### [TASK OBJECTIVE]
Nothing outside the lines below from the one containing "Chiều 9/1, tại" through the one containing "Așază fotoliul balansoar" is to be printed; print those exactly, ends included, and drop the pictures.

### [DATA LISTING]
"""

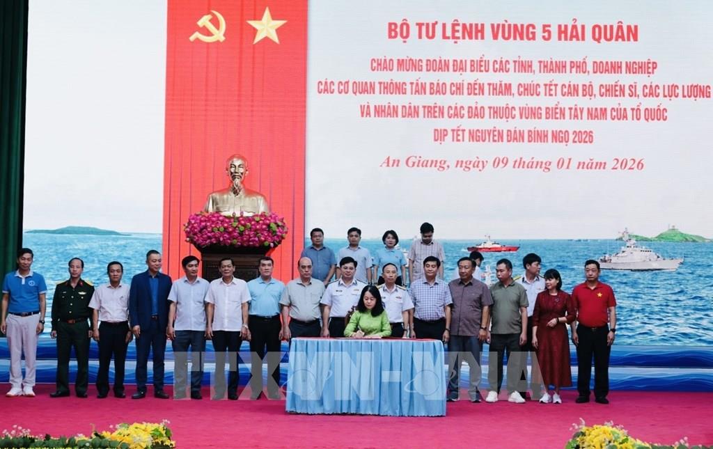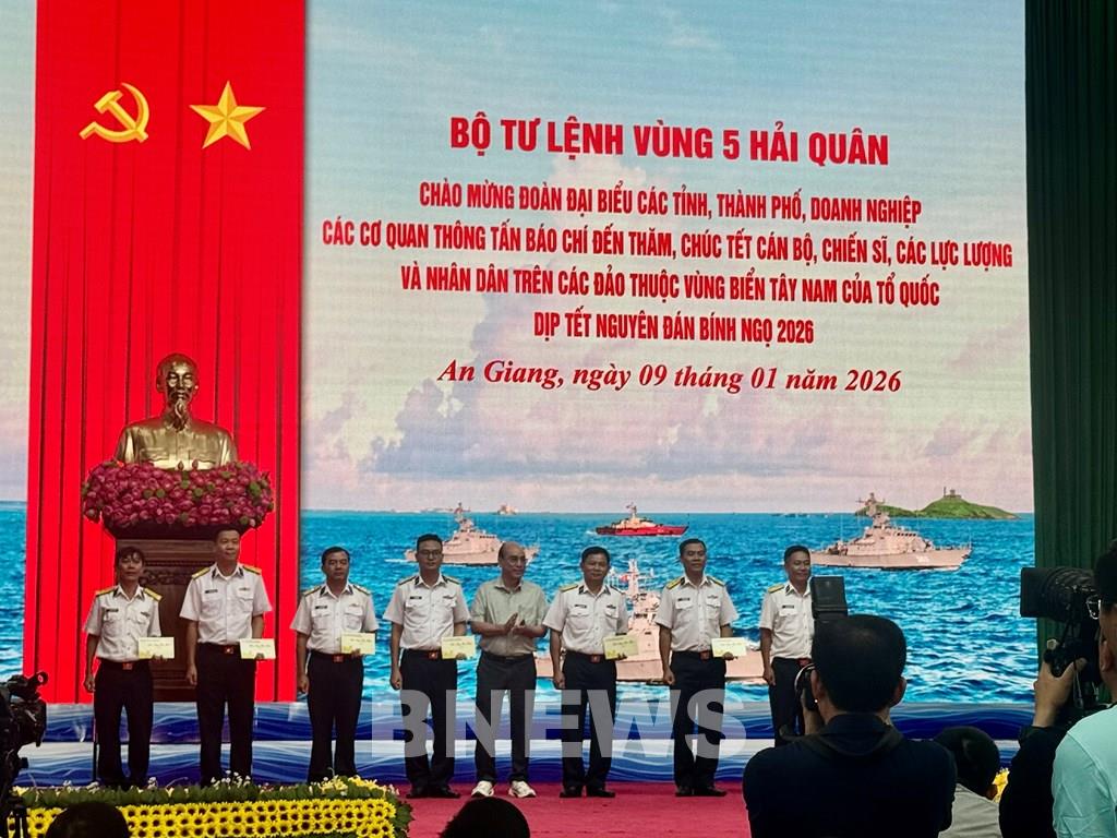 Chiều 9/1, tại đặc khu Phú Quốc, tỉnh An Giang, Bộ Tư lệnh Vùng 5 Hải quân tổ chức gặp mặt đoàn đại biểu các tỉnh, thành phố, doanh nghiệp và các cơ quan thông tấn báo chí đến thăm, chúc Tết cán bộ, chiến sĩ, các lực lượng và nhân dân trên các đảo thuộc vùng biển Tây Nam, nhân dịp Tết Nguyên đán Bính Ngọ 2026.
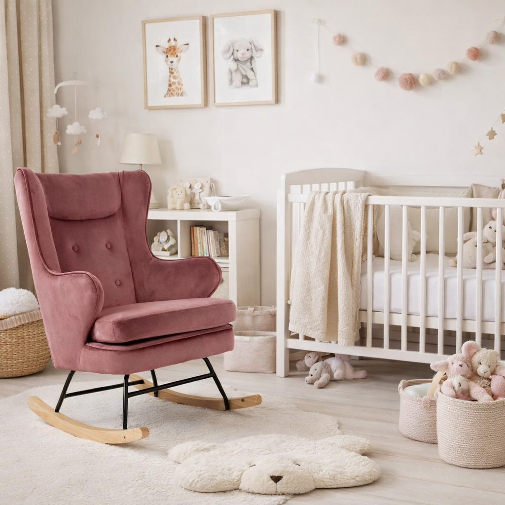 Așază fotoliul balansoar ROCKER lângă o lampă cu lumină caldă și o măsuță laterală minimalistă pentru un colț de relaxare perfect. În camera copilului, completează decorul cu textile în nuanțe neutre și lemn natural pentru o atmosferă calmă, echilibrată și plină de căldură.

"""
"""

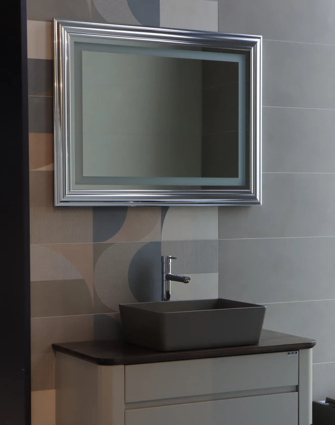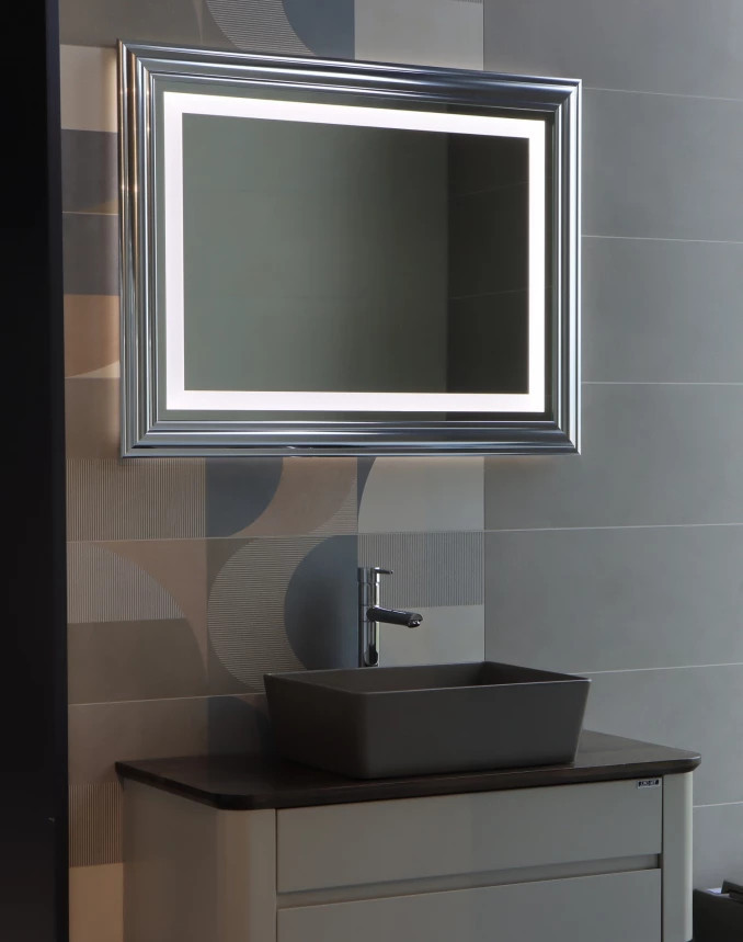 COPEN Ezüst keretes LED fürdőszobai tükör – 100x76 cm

"""

### [ANSWER TO THIS PROBLEM]
 Chiều 9/1, tại đặc khu Phú Quốc, tỉnh An Giang, Bộ Tư lệnh Vùng 5 Hải quân tổ chức gặp mặt đoàn đại biểu các tỉnh, thành phố, doanh nghiệp và các cơ quan thông tấn báo chí đến thăm, chúc Tết cán bộ, chiến sĩ, các lực lượng và nhân dân trên các đảo thuộc vùng biển Tây Nam, nhân dịp Tết Nguyên đán Bính Ngọ 2026.
 Așază fotoliul balansoar ROCKER lângă o lampă cu lumină caldă și o măsuță laterală minimalistă pentru un colț de relaxare perfect. În camera copilului, completează decorul cu textile în nuanțe neutre și lemn natural pentru o atmosferă calmă, echilibrată și plină de căldură.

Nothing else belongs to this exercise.